We are able to detect and ignore frames where no reconstructions are estimated as well as individual outliers in reconstructions when the number of outliers is small relative to the number of inliers. However, there are cases where all reconstructed points and estimated camera poses are incorrect because of the extreme paucity of features in certain regions of the nasal cavity and sinuses. Currently, we rely on manual checking to ensure that 2D projections of SfM reconstructions are locked onto visual features in order to ignore erroneous reconstructions. However, in the future, we hope to develop an automatic method to detect these failures. Further, with training data from a single patient and evaluation on only two patients, it is unclear whether our method is able to generalize or is overfitting to this particular endoscope. Our current results also do not allow us to know whether or not fine-tuning the network in a patient-specific manner will improve the accuracy of reconstructions for that particular patient. In the future, we hope to acquire a larger dataset in order to investigate this further.

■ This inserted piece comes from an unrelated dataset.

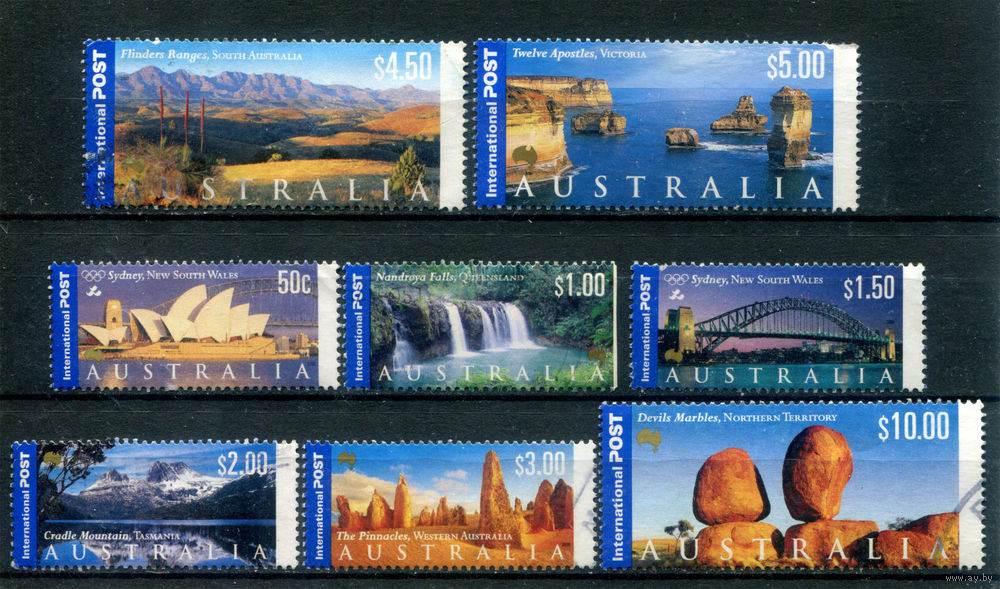 ![Австралия - 2000г. - достопримечательности - 8 марок - полная серия, гашёные, номинал 5 с небольшим повреждением лицевой стороны (справа сверху) [Mi 1928-1935]. #3-WB-101-KS-3](https://s5-lot.aystatic.by/550x510/679/252/5040/5040252679_0.jpg)

Samples from our current dense reconstruction results are shown in Fig. 5 for qualitative evaluation. There are several challenges in these examples where the traditional SfS methods are likely to fail. For example, shadows appear in the lower middle region of the second sample and the upper right region of the fourth sample. There are also specular reflections from mucus in the first, third and fourth samples. With the capability of extracting local and global context information, our network recognizes these patterns and produces accurate predictions despite their presence. Figure 1 also shows a comparison between a sparse reconstruction obtained using SfM and a dense reconstruction obtained using our method.

Fig. 4.
figure 4

Mean residual errors for all testing scenes from Patients 1 and 2.

Fig. 5.
figure 5

Examples of dense photometric reconstructions from Patients 1 and 2: each column captures a different region in the nasal cavity and sinuses. The top row shows the color endoscopic images, the middle row shows the corresponding depth images where red maps to high values and blue to low values, and the bottom row shows the photo-realistic 3D reconstructions produced by our method. (Color figure online)

5 Conclusion

In this work, we present an approach for dense depth estimation in monocular endoscopy data that does not require manual annotations for training. Instead, we self-supervise training by computing sparse annotations and enforcing depth prediction consistency across multiple views using relative camera poses from multi-view stereo reconstruction methods like SfM or SLAM. Consequently, our method enables training of depth estimation networks using only endoscopic video, without the need for CT data, manual scaling, or labeling. We show that this approach can achieve submillimeter residual errors on sinus endoscopy data. Since our method can generate training data automatically and directly maps original endoscopic frames to dense depth maps with no a priori modeling of anatomy or shading, more unlabeled data and improvements in SfM- or SLAM-based methods will directly benefit our approach and enable translation to different endoscopes, patients, and anatomy. This makes our method a critical intermediate step towards accurate endoscopic surgical navigation. In the future, we hope to evaluate our method on different endoscopes, patients, and anatomy and compare with other methods. Substituting the single-frame depth estimation architecture with a multi-frame architecture is also a potential future direction to explore.